Florida's Global Warming Future
By the end of this century, Earth would be at least 4 degrees F (2.3 degrees C) warmer than now, or about as hot as it was nearly 130,000 years ago.
Back then, significant portions of the Greenland and Antarctic ice sheets melted, pushing the global sea levels to about 20 feet higher than current levels.
A similarly dramatic, and in some cases catastrophic, rise in ocean levels could happen by the year 2500, Overpeck said in a telephone interview, but he noted it could come sooner.
"We know when the sea level was that high in the past, and we know how much warming is necessary to get that amount of sea level rise from both Greenland and Antarctica," Overpeck said.

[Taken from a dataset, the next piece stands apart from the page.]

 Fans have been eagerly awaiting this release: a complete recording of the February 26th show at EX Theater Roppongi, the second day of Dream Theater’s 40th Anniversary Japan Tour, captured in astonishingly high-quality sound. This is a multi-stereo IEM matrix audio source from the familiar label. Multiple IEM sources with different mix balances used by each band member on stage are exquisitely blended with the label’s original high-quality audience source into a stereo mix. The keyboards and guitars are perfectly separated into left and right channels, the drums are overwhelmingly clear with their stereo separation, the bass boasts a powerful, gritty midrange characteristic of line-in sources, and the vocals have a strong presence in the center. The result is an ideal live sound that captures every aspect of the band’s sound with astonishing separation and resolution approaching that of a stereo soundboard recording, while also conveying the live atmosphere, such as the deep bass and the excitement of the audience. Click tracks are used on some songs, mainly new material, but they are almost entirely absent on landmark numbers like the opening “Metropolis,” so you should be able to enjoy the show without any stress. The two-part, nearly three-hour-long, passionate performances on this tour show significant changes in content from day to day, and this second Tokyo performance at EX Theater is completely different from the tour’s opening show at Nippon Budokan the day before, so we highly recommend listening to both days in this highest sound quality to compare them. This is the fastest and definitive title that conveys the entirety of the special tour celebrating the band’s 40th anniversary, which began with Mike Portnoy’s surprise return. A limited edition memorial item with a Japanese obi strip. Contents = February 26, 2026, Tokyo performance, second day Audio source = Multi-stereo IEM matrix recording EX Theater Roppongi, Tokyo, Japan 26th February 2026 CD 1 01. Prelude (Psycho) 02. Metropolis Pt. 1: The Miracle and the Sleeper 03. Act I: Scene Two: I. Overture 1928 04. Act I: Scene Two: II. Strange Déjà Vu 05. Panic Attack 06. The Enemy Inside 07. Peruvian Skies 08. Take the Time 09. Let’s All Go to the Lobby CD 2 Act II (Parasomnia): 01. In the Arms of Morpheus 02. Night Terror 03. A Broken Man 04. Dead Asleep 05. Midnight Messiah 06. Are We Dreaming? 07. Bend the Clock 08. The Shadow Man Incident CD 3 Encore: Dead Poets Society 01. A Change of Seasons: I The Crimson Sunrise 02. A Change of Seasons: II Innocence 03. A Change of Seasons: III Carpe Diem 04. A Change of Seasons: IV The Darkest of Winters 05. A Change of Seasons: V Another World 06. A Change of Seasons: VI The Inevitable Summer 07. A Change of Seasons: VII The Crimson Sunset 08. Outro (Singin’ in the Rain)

The Earth will get that hot sometime early in the second half of this century, he said, and once it does, the big ice sheets will start melting "in a more dramatic manner" than they currently are.
A conservative estimate would call for sea level rises of 3 feet (1 meter) per century, he said.

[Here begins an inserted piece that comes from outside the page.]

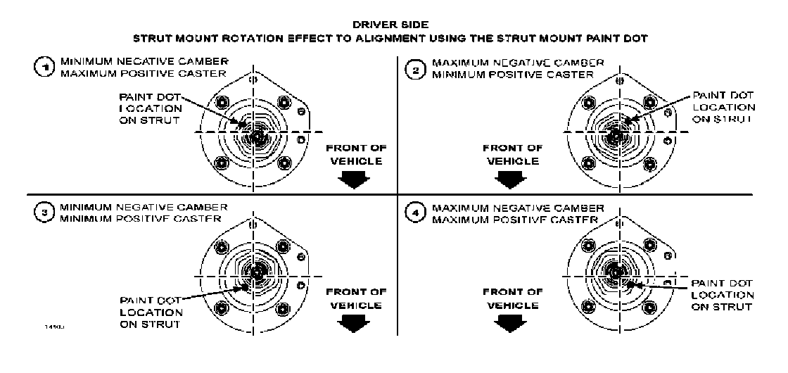GENERAL FRONT SUSPENSION UPPER STRUT MOUNT ADJUSTMENT INFORMATION:

He cautioned, however, that this estimate assumes the Earth will get only as hot as it did 130,000 years ago when the ice sheets melted.
"If we decide to keep on the track we're on now and just keep on warming, because of greenhouse gas pollution, then we could easily cook those ice sheets more rapidly," Overpeck said.
The earlier ice melt was concentrated in the Northern Hemisphere in the summer months, and was due largely to changes in Earth's orbit, he said.
"The climate warming we're in now is global and it's year-round and it's due to human influences on the climate system," he said. "That will be more damaging to the ice sheets than the that warming we had 130,000 years ago."